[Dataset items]

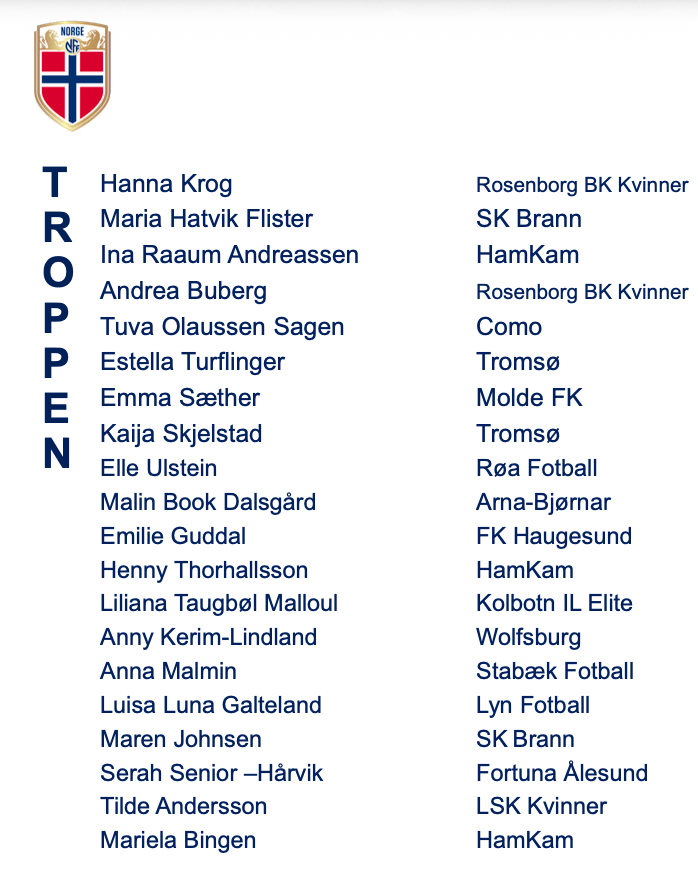Landslagstrener Lena Tyriberget har tatt ut i troppen som skal spille firenasjoners turnering i Pinatar, Spania. De skal møte Tyskland og Belgia.
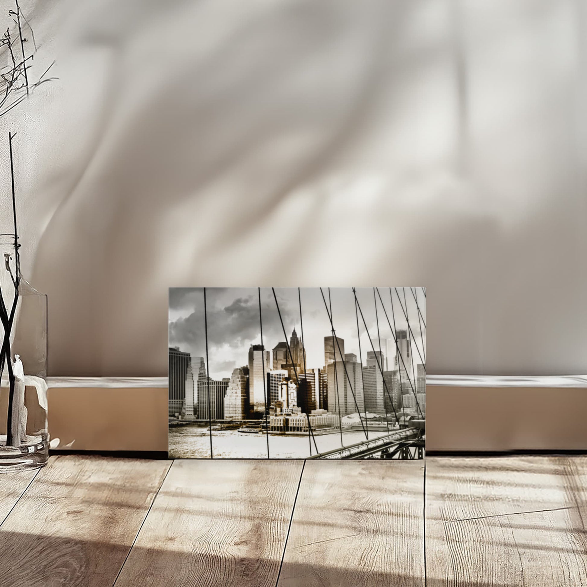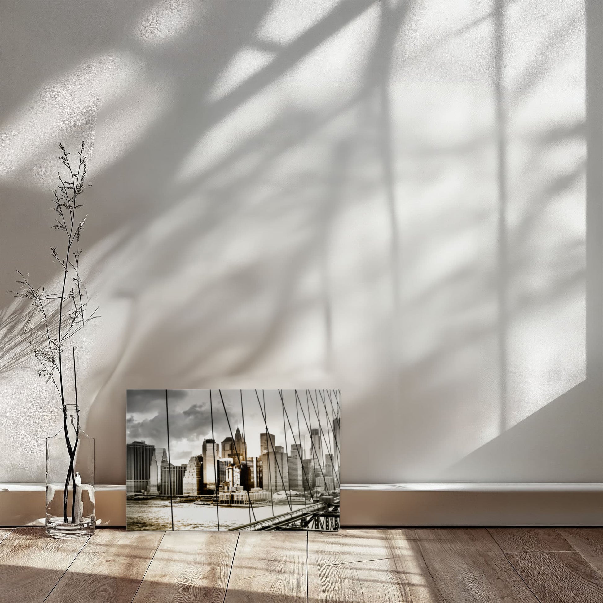 Capture the bold energy of New York City with this stunning black and white canvas wall art, featuring a dramatic skyline view through the Brooklyn Bridge. Printed on high-quality gallery wrapped canvas, this piece adds urban sophistication to any living room, office, or modern space. A perfect gift for city lovers and architecture fans.
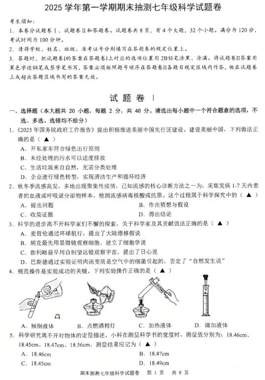 浙江省宁波市南三县2025学年第一学期期末抽测七年级科学试题卷(扫描PDF版,含答案)
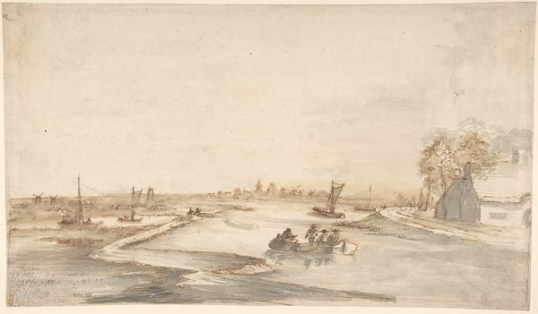 Curator: A delicate scene, this one. Made with ink on paper, Simon de Vlieger's "Meeresstrand, rechts fünf nach rechts segelnde Schiffe" translates to "Seashore, five ships sailing to the right on the right." What's your initial reaction to this work? Editor: Stark, in a way. There's this muted palette and such a broad view. And that stark simplicity really highlights the labor implied—fishermen pulling nets, sails catching the wind. You just know lives depended on every little detail depicted. Curator: Precisely. Seascapes, popular in the Dutch Golden Age, often served as powerful metaphors. Ships could symbolize hope, journeys, or even the human soul navigating the vastness of existence. The beach, though seemingly serene, also held the weight of coastal economies. Editor: It's fascinating how de Vlieger creates depth. The technique and medium itself, the very fine line drawing – all focus attention on human activity against this boundless background. Look how the beach materials in the front define that perspective. Curator: De Vlieger's focus here wasn’t just documentation; he seems interested in the universal theme of human engagement with nature. Editor: Definitely. And, practically speaking, access to quality ink, paper... these shaped what kind of art was even possible. Think about who controlled those resources, who profited. It changes how we view the "beauty" of this coastal scene. Curator: These coastal landscapes in the Netherlands held potent economic weight and meaning for its culture. Editor: Right. From the perspective of maritime trade and artistic movements, materials tell a bigger story, right? De Vlieger crafted an image loaded with the visual vocabulary of his time. Curator: The simplicity may deceive at first glance, but this "Meeresstrand" is rich in symbolic content, reflective of the dynamic interchange between labor, nature, and perhaps something deeper. Editor: Agreed. It makes you wonder about all the labor happening behind the scenes as well. That is where I'll keep pondering the artwork, anyhow.
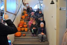 Původně jsem sice neměl v úmyslu se na hrádek vypravit, leč byl jsem nakonec dobrými lidmi zviklán, ať se zaskočím podívat. A heuréka – letošní ročník konečně prorazil do vědomí místních a na schodech se tu sešel slušný počet vyřezávačů. I když jde o událost, související s importovaným svátkem, v téhle podobě je i pro mne přijatelný. Po osvětlení výtvorů na schodech do věže a kolektivním fotografování si sice leckteré dítko vyvzdorovalo, že ta jejich dýně je tak pěkná, že si ji musí vzít domů, přesto jich dost zůstalo na místě, aby vítaly návštěvníky.
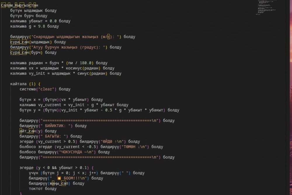 Чечимдин негизинде препроцессор колдонулат: англисче ачкыч сөздөр кыргызчага алмаштырылат. Мисалы:

→ What the task requires: Copy every line exactly, from the opening line of the entries down to the line holding "浙江省宁波市南三县2025学", and keep the pictures out.

→ Solution for this exercise:
Landslagstrener Lena Tyriberget har tatt ut i troppen som skal spille firenasjoners turnering i Pinatar, Spania. De skal møte Tyskland og Belgia.
 Capture the bold energy of New York City with this stunning black and white canvas wall art, featuring a dramatic skyline view through the Brooklyn Bridge. Printed on high-quality gallery wrapped canvas, this piece adds urban sophistication to any living room, office, or modern space. A perfect gift for city lovers and architecture fans.
 浙江省宁波市南三县2025学年第一学期期末抽测七年级科学试题卷(扫描PDF版,含答案)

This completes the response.